HiPSC-CMs generate more contractile force after T3 treatment and show enhanced contractile kinetics. (A) representative hiPSC-CM stained for α-actinin (green) and Hoechst 33342 (blue). Microposts that were stained with BSA 594 are shown in red. Scale bar is 10 μm. (B) Representative force traces generated by control and T3-treated hiPSC-CMs. The statistical analysis results are shown in (C). T3 treatment led to significant decrease in time to peak contraction (D), time to 90% relaxation (E), and total twitch time (F). # P<0.001 vs. control. N=44 for control hiPSC-CMs and N=66 for T3-treated hiPSC-CMs.

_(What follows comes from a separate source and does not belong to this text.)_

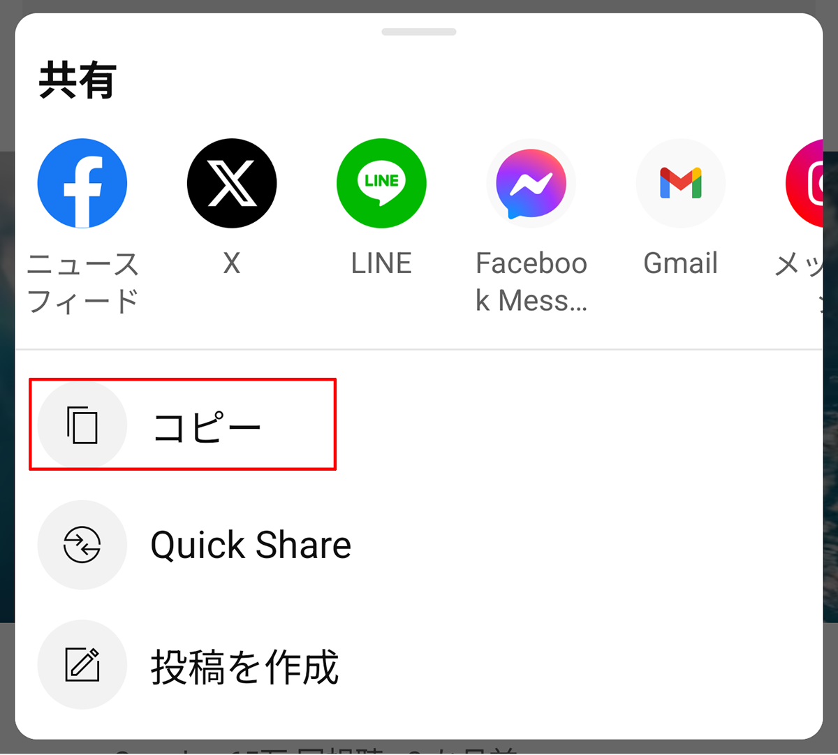 ダイアログから「コピー」をタップして動画のURLをコピーしよう。

3.4. T3-treated cardiomyocytes exhibit faster calcium transient kinetics

To further investigate the mechanism underlying changes in cardiomyocyte performance, we compared the calcium transient characteristics of untreated and T3-treated hiPSC-CMs using the intracellular calcium ratiometric dye fura-2 AM. A representative trace is shown in Fig. 4A. While the peak transient amplitude remained unchanged after treatment (0.24 ± 0.03 vs 0.20 ± 0.02 F/F0, P=0.23) (Fig. 4B), the maximal upstroke and decay velocities were significantly higher in T3-treated cells (Fig. 4C and 4D). More specifically, Vmax upstroke was faster (2.99 ± 0.64 vs. 7.43 ± 1.43 F/F0/sec, P= 0.004) and time to 90% peak [Ca²⁺]_i was significantly shorter (0.52 ± 0.08 vs. 0.25 ± 0.06 sec, P=0.029) after T3 treatment. A faster Ca²⁺-transient decay rate (0.39 ± 0.03 vs 0.55 ± 0.07 F/F0/sec, P=0.028), and significant shorter time to 50% decay (0.51 ± 0.05 vs 0.33 ± 0.04 sec, P=0.0141) was observed after T3 treatment.

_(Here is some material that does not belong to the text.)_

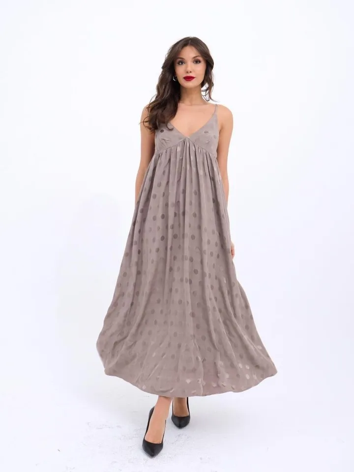 فستان ماكسي بسحاب امامي وياقة دائرية وقصة كلوش بكسرات للنساء

T3-treated hiPSC-CMs exhibit increased calcium transient kinetics but no change in magnitude. Calcium transients were evaluated by loading the hiPSC-CMs with the intracellular calcium ratiometric indicator fura-2 AM. (A) Representative transients from control and T3-treated hiPSC-CMs. Note the faster upstroke and decay of the Ca²⁺ transient in the T3 cell. (B) The transient amplitude magnitudes were similar, though the calcium kinetics were significantly different in T3-treated hiPSC-CMs, as indicated by increases in maximal upstroke (C) an decay (D) velocities, reduced time to 90% peak [Ca²⁺]i (E) and (F) reduced time to 50% decay. n=10-15 cells per condition. *P<0.05 vs. control hiPSC-CMs.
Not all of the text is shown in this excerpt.